McKinley regained the seat by more than 30,000 votes to defeat W.Va. Auditor Glen Gainer, the Democratic nominee, and Capito – initially elected in 2001 in the state’s Second Congressional District – captured the Senate seat by more than 100,000 votes over W.Va. Sec. of State Natalie Tennant.

“I have said from day one: this campaign was never about me, it was always about you: the people of West Virginia. And I wish the Congresswoman nothing but the best of luck and success serving you,” Tennant said during her concession speech.
“In so many ways, tonight is not the end, but only the beginning. I have often said that West Virginia’s story is my story. And I look forward to writing the next chapter as your Secretary of State.

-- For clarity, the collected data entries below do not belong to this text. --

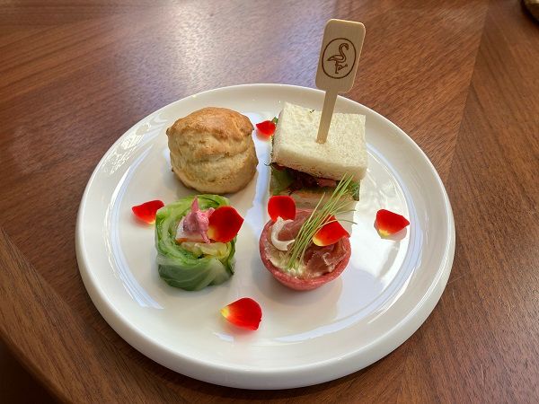 バラや春の食材を用いた、4種のセイボリーを実食。セイボリー、スイーツともに赤を基調とした食材を取り入れることで、バラの赤色を表現しています。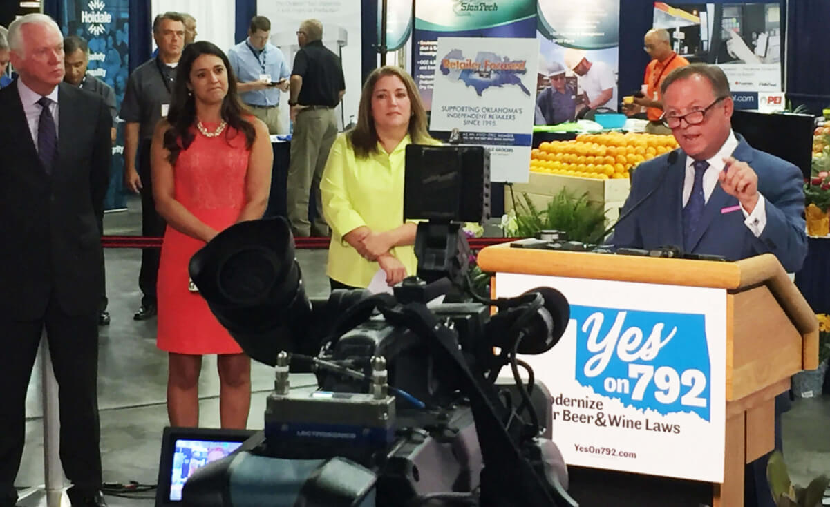 The Yes on SQ 792 campaign’s event intended to educate the public, although the provided press packet only noted that “passage would allow the sale of wine and regular, cold beer in grocery and convenience stores across Oklahoma.”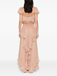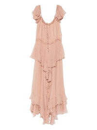 GATHERED LONG RUFFLED DRESS IN SILK MOUSSELINE
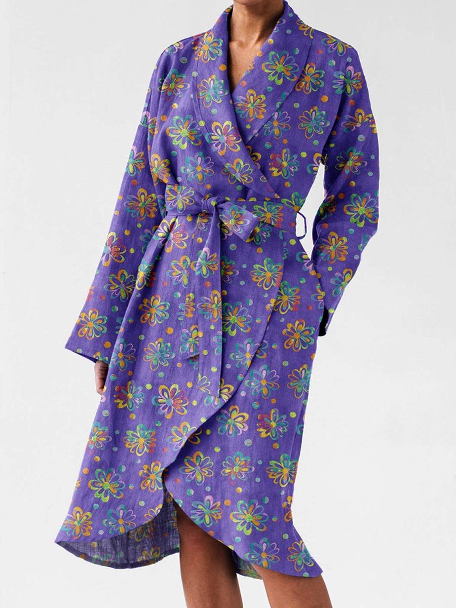 Women's Classic Cotton Floral Pattern Linen House Robe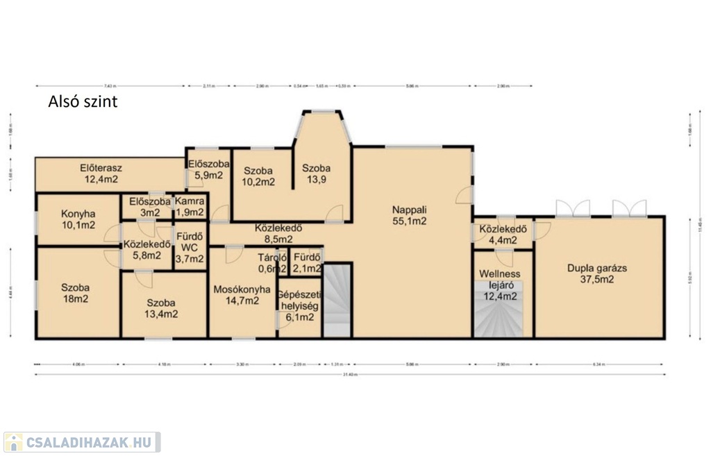 Felső szint: 5 külön bejáratú szoba, közlekedő, 2 fürdő, nagy méretű nappali közvetlen teraszkapcsolattal.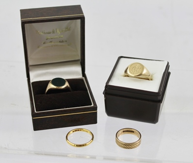 FOUR 9CT GOLD RINGS, comprising two wedding bands and two gentlemens signet rings, one inset with polished stone, the other monogrammed, overall weight 15g. (including stone)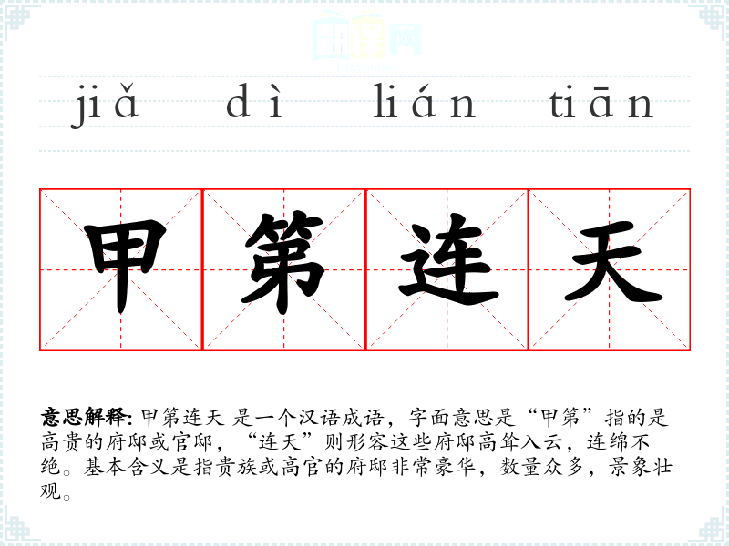 甲第连天 是一个汉语成语,字面意思是“甲第”指的是高贵的府邸或官邸,“连天”则形容这些府邸高耸入云,连绵不绝。基本含义是指贵族或高官的府邸非常豪华,数量众多,景象壮观。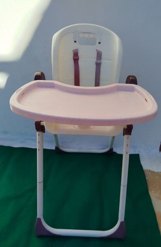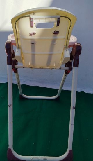 Dispone de un sistema de ajuste de anchura( hasta 8cm)del respaldo, que se adapta al crecimiento del bebé( desde los 0 meses hasta los 15 kg aprox). Respaldo reclinable en 4 posiciones. 8 posiciones en altura. Reposapiés ajustable en 3 posiciones y extraible.Cuenta con bandeja y cubre bandeja extraible. Compacta y plegable. peso :10,5 kg Se entrega totalmente limpia y sin desperfectos ya que estaba en una segunda residencia con apenas uso. Altura plegada :109 cm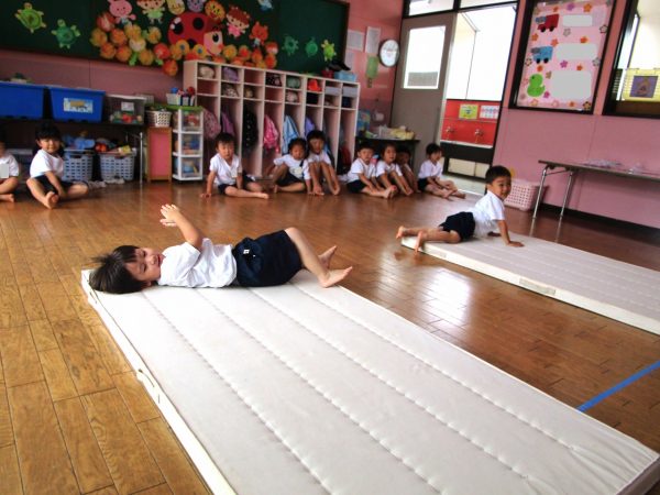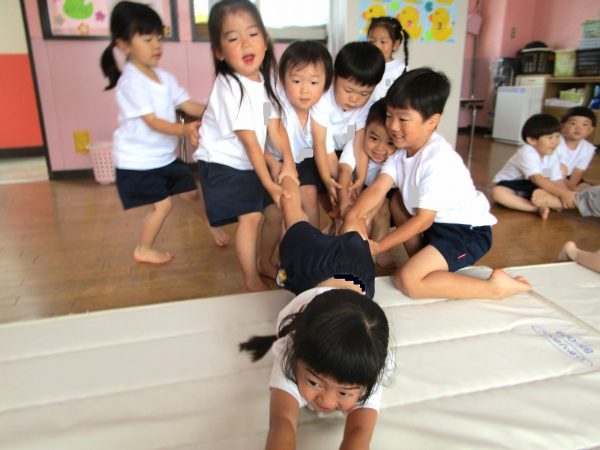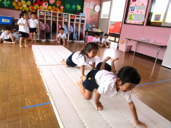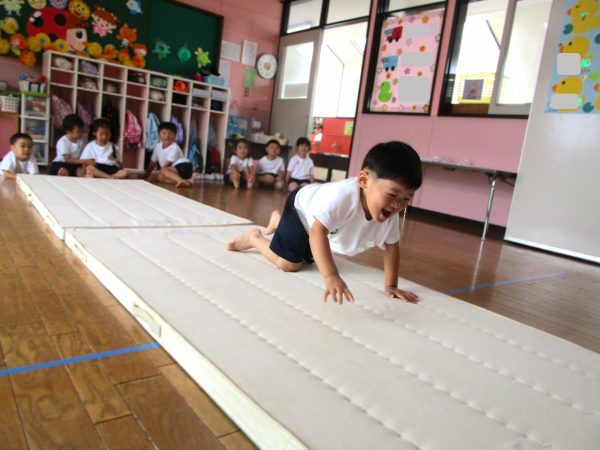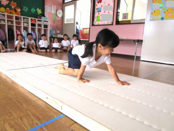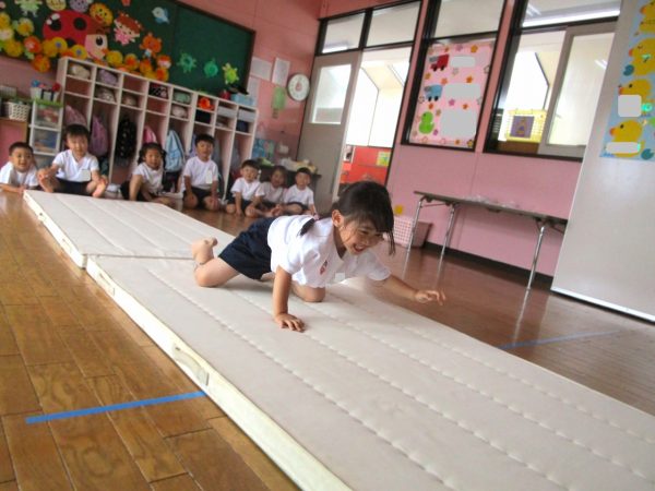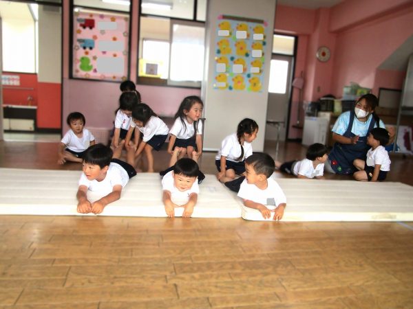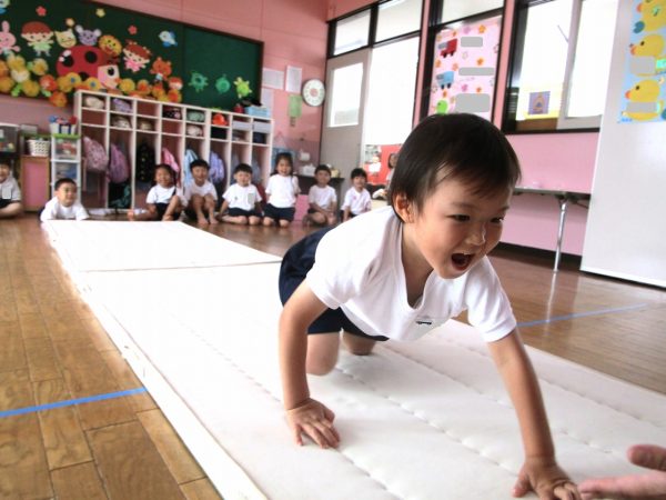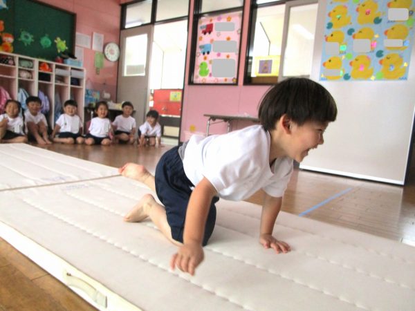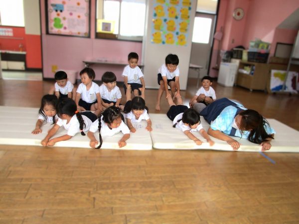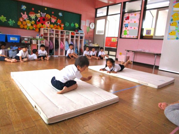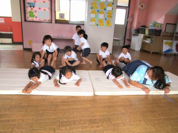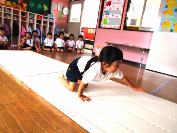 😃『マット遊び』~マットの上をグルグル・ゴロゴロ⋯目が回る~、四つん這いになって⋯「ワオー!」。❝大根ぬき❞、引き抜かれないように頑張ってー‼
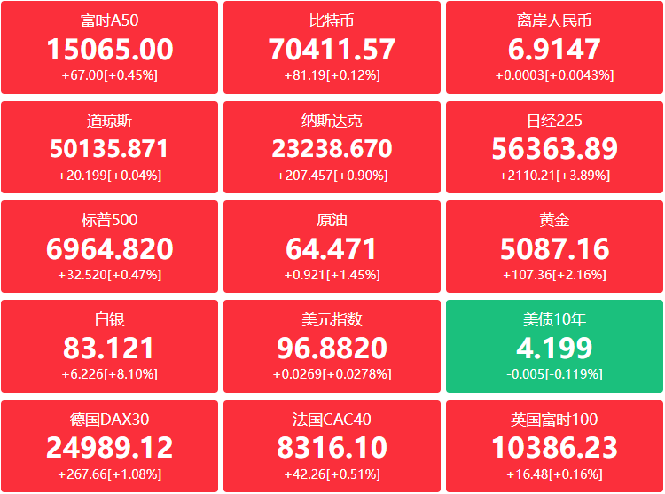 期货:现货黄金涨2.01%报5064.10美元,黄金期货涨2.04%报5081.50美元;现货白银涨6.98%报83.2699美元,白银期货涨7.67%报82.795美元;铜期货涨1.31%报5.9590美元;现货铂金涨1.34%,现货钯金涨1.93%。原油期货涨0.81美元,涨幅1.27%报64.36美元,布伦特原油期货涨0.99美元,涨幅1.45%报69.04美元;天然气期货报3.1380美元,汽油期货报1.9855美元,取暖油期货报2.4169美元。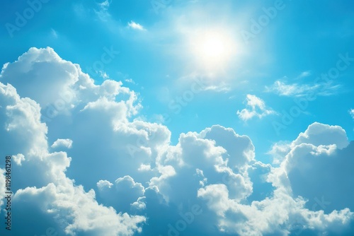 A bright sun shines through fluffy white clouds in a clear blue sky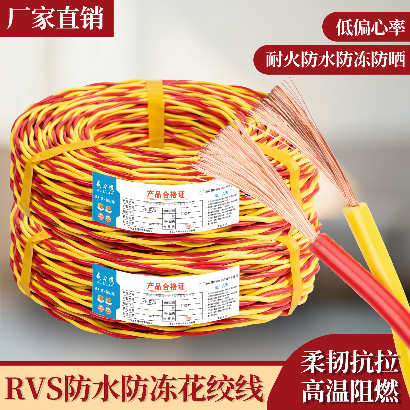 RVV电源线国标2芯3芯1.52.546平方三相电缆监控护套线家用防水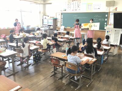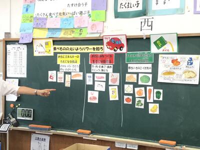 ご家庭でも夕食の時などに、3つの食品群「エネルギーになるもの、体をつくるもの、調子を整えるもの」について話題にしてみてください。3年生の食育でした。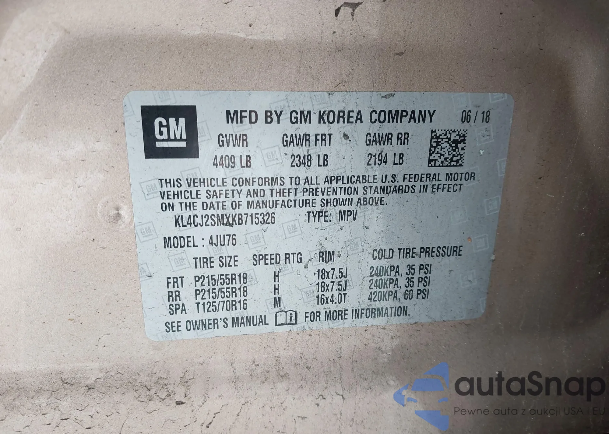 VIN: KL4CJ2SMXKB715326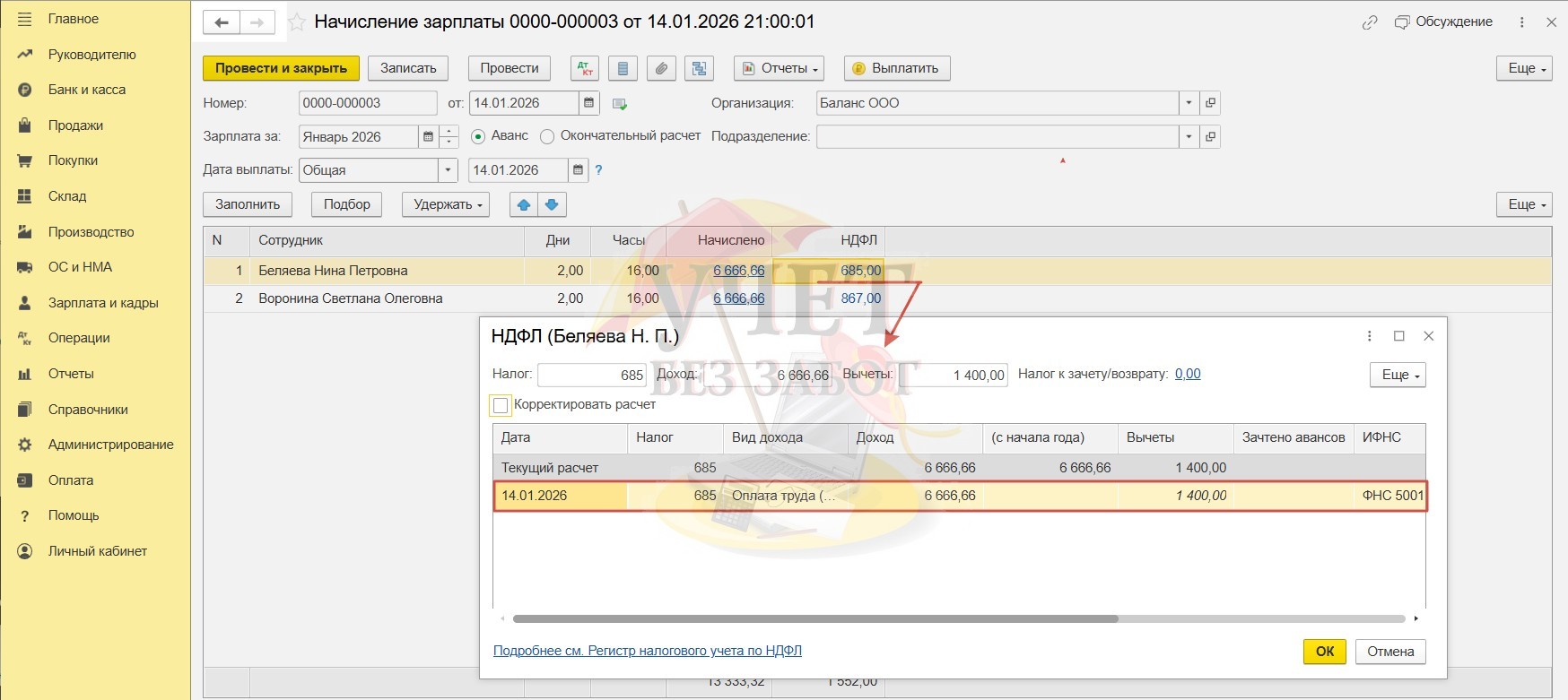 Обратите внимание, поскольку вычет у Беляевой Н.П. уже был применен при выплате первого аванса 14.01, теперь НДФЛ исчислен с полной суммы.

Rep. Capito insisted her goal in the Senate will be to improve the federal government’s support for the Mountain State in a bipartisan fashion. “I go to the Senate with a mandate to make Washington work for West Virginia again – to end Washington’s practice of picking winners and losers.

“Tonight I want to be the first to extend my hand of cooperation to Sen. Joe Manchin (D-W.Va.) and the members of the West Virginia congressional delegation to join me in this fight to put West Virginia first again.

“For the first time in our state’s history West Virginians are sending a woman to the United States Senate. I am honored and excited to be standing here as that Senator,” she said. “It is impossible to convey how much gratitude I feel and how humbled I am by your confidence.  I hope that I live up to your highest standards and that my service will serve as a role model for young women of our state and an inspiration for them that they too can achieve great things.”